[MRG] Always decompress Content-Encoding: gzip at HttpCompression stage #2391
Let SitemapSpider handle decoding of .xml.gz files if necessary.
Therefore, SitemapSpider still has to decode "real" .gz files/content if the HTTP response was not "Content-Encoded", relying on gzip magic number instead of response headers.
I believe it follows RFC 7231 better:
#951 (comment) also hinted at something like this.
I think it can also fix #2162 though I need to test that.
@@ Coverage Diff @@ ## master #2391 +/- ## ========================================== + Coverage 84.15% 84.16% +0.01% ========================================== Files 162 162 Lines 9079 9079 Branches 1346 1345 -1 ========================================== + Hits 7640 7641 +1 Misses 1177 1177 + Partials 262 261 -1
Other than gzip signature this PR looks good. Signature also looks fine - 2 bytes is what gzip format rfc's say, and what wikipedia shows, but 3 bytes with hardcoded compression method seems to be more robust and recommended in mime sniffing spec.

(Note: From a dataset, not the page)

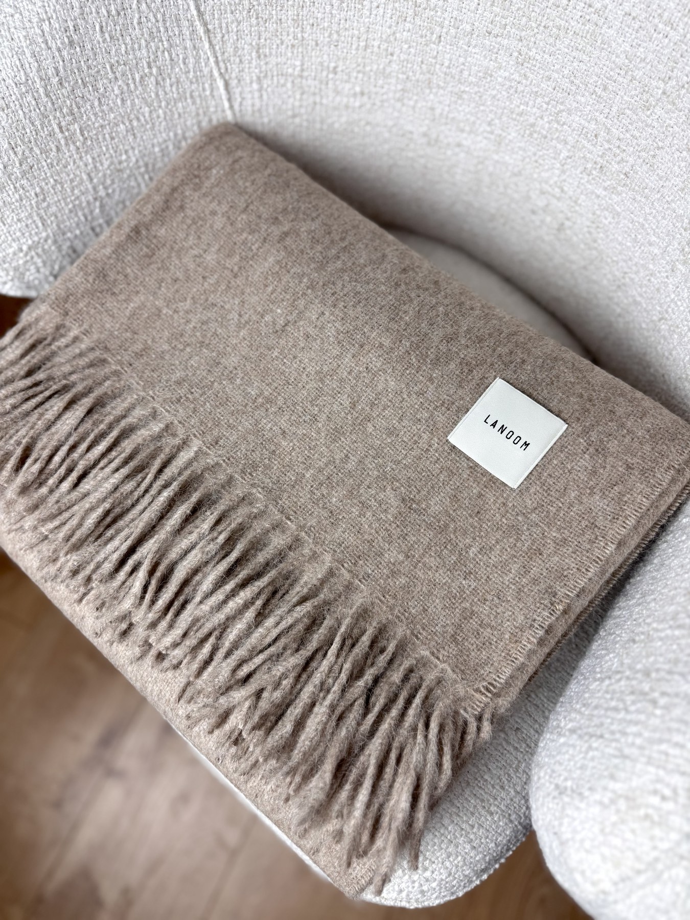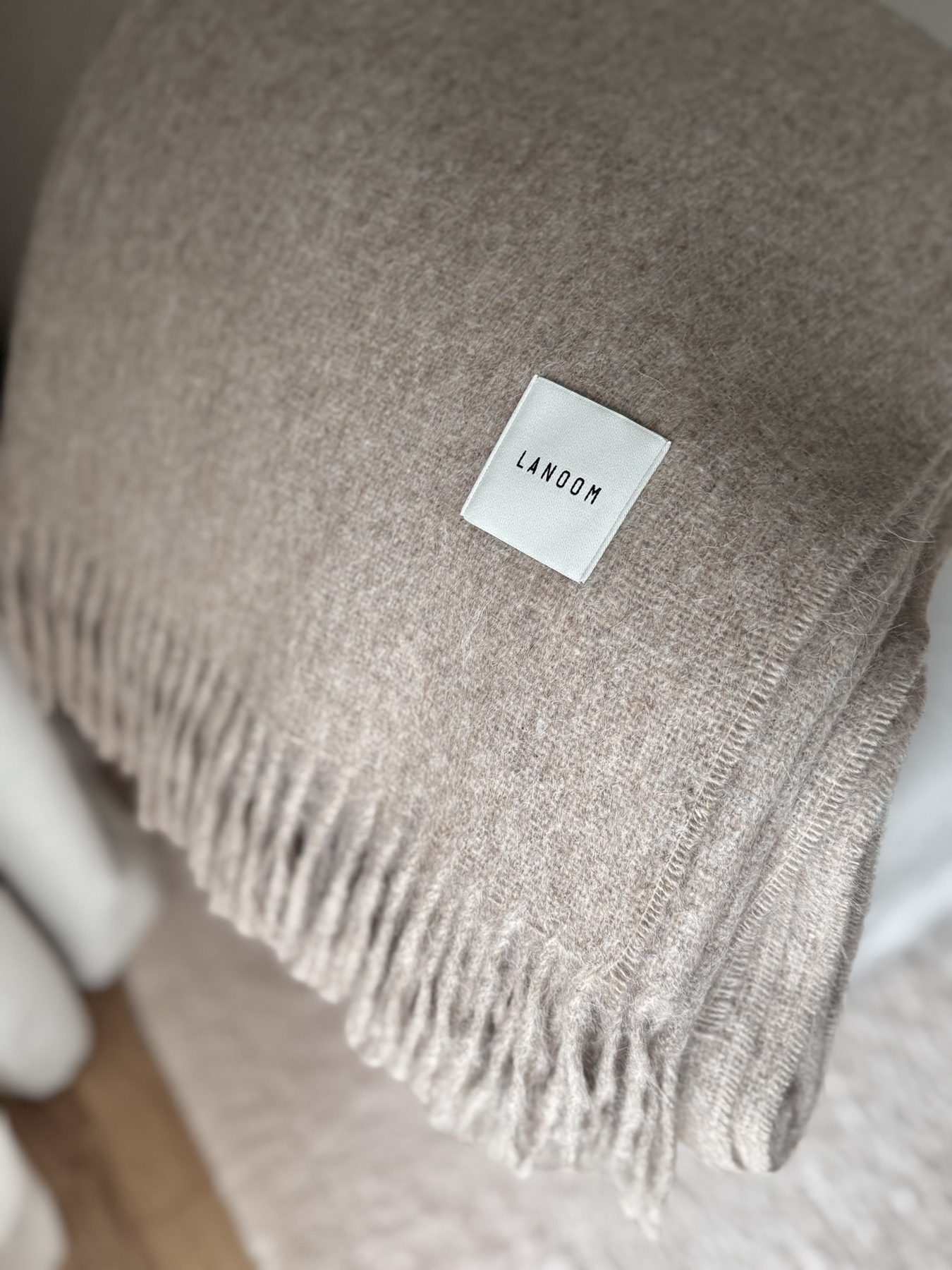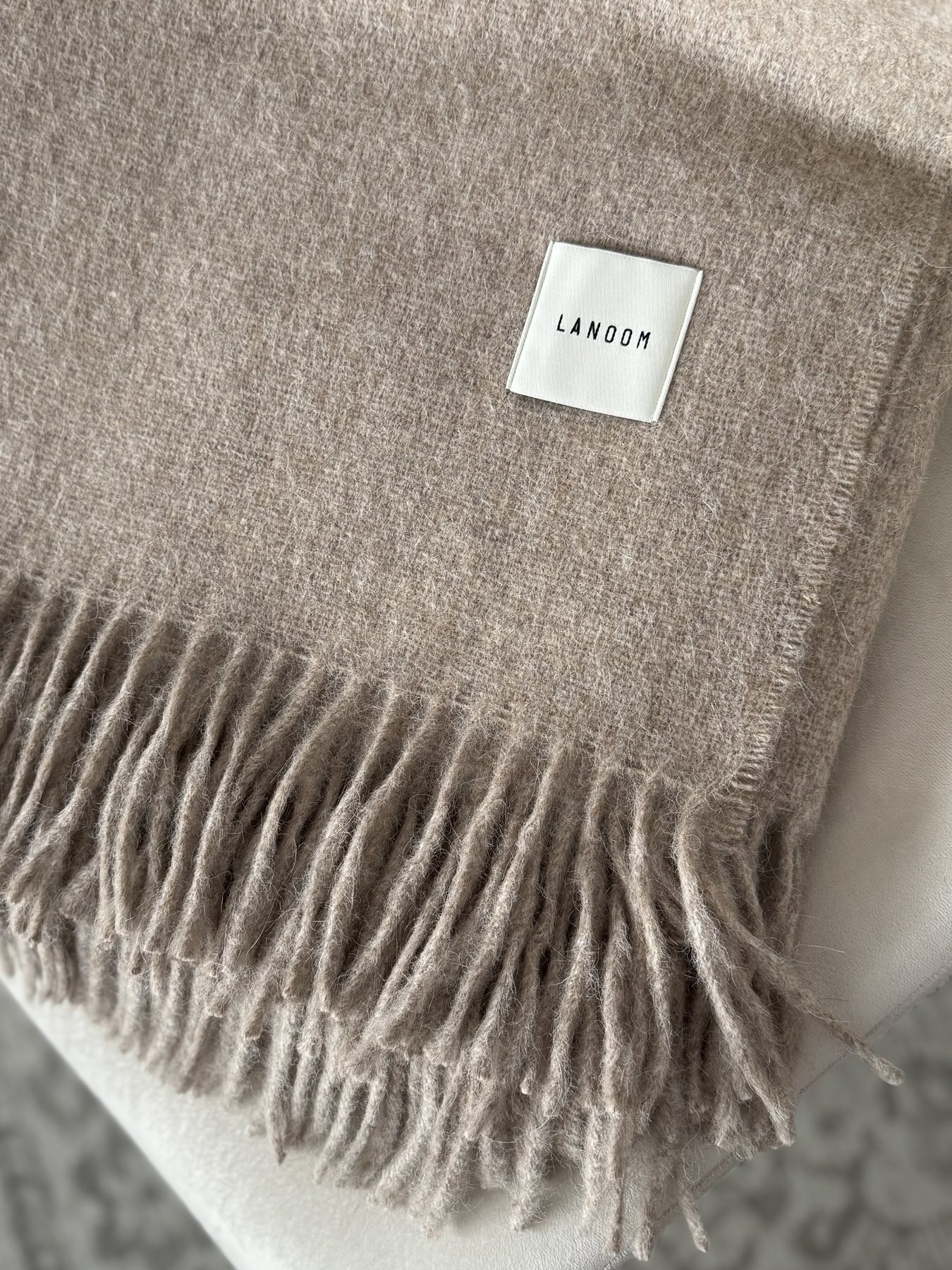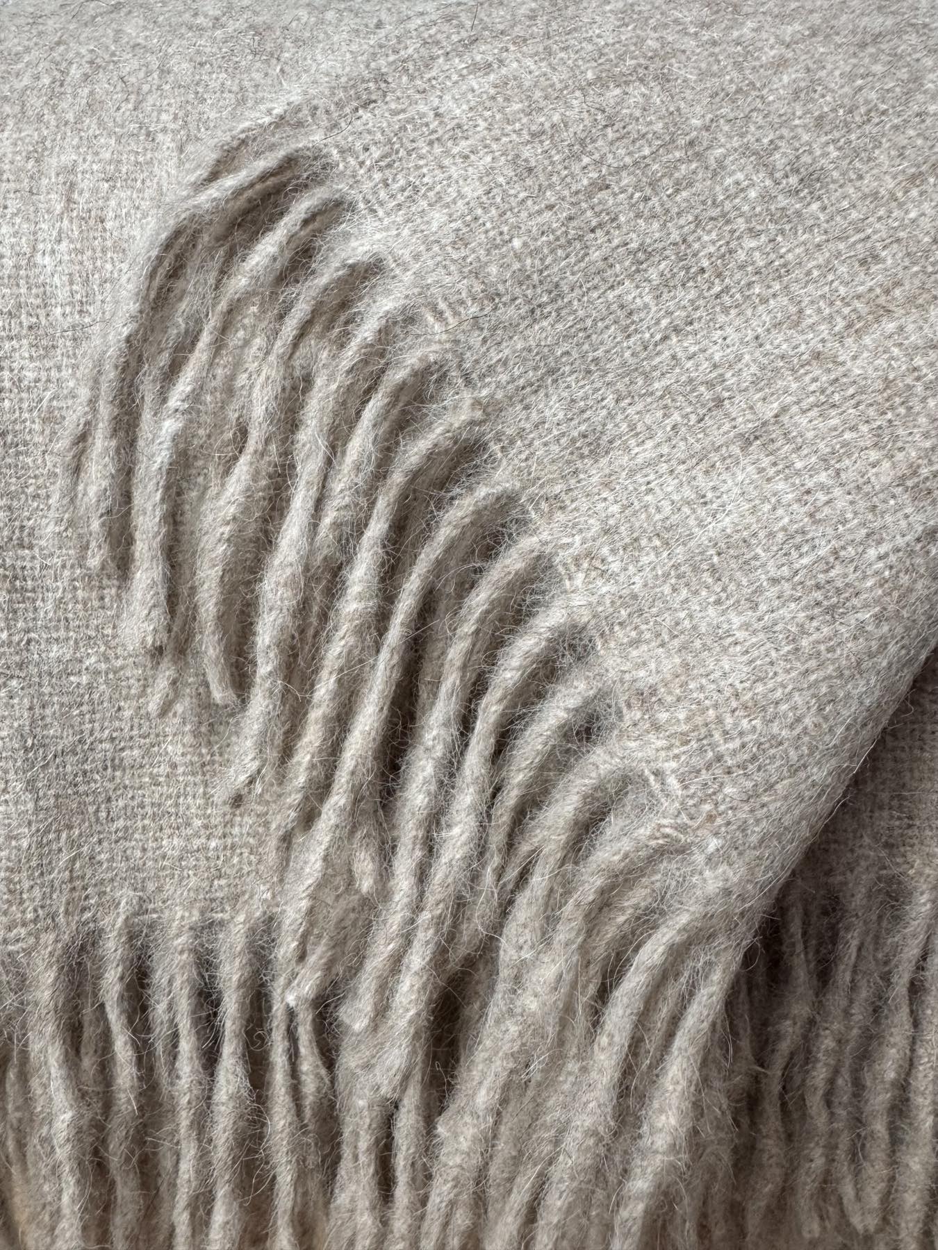 Duży i ciężki koc z alpaki i wełny w odcieniu ciemnego beżu to esencja elegancji i komfortu w naturalnym, stonowanym wydaniu.
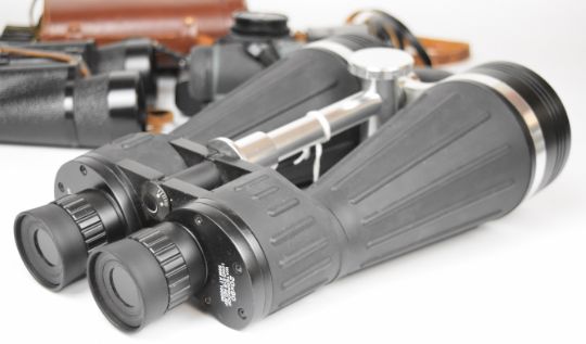 Cameras and binoculars comprising Olympus OM10 35mm SLR with 50mm 1:1:8 lens, Rollei 35B, Helios 20 x 80 binoculars, Newton NV3 x 42 scope and a pair of Lieberman & Gortz 7 x 50 binoculars

@sibiryakov it seems the only case HTTP decompression should be made optional is when response bodies are not processed at all (no link extraction, no peeking into response body), and it is fine to store them in a raw compressed form, as they are received from transport - it means e.g. removing an ability to search inside these bodies. For me it sounds like a rare use case (http cache without any processing? what to use these cache results for?) - if you're downloading a page then likely you want to use it somehow, and to do that you need to decompress it.
This issue is not about decompressing all gzipped files automatically (scrapy is not doing this), it is about undoing http compression.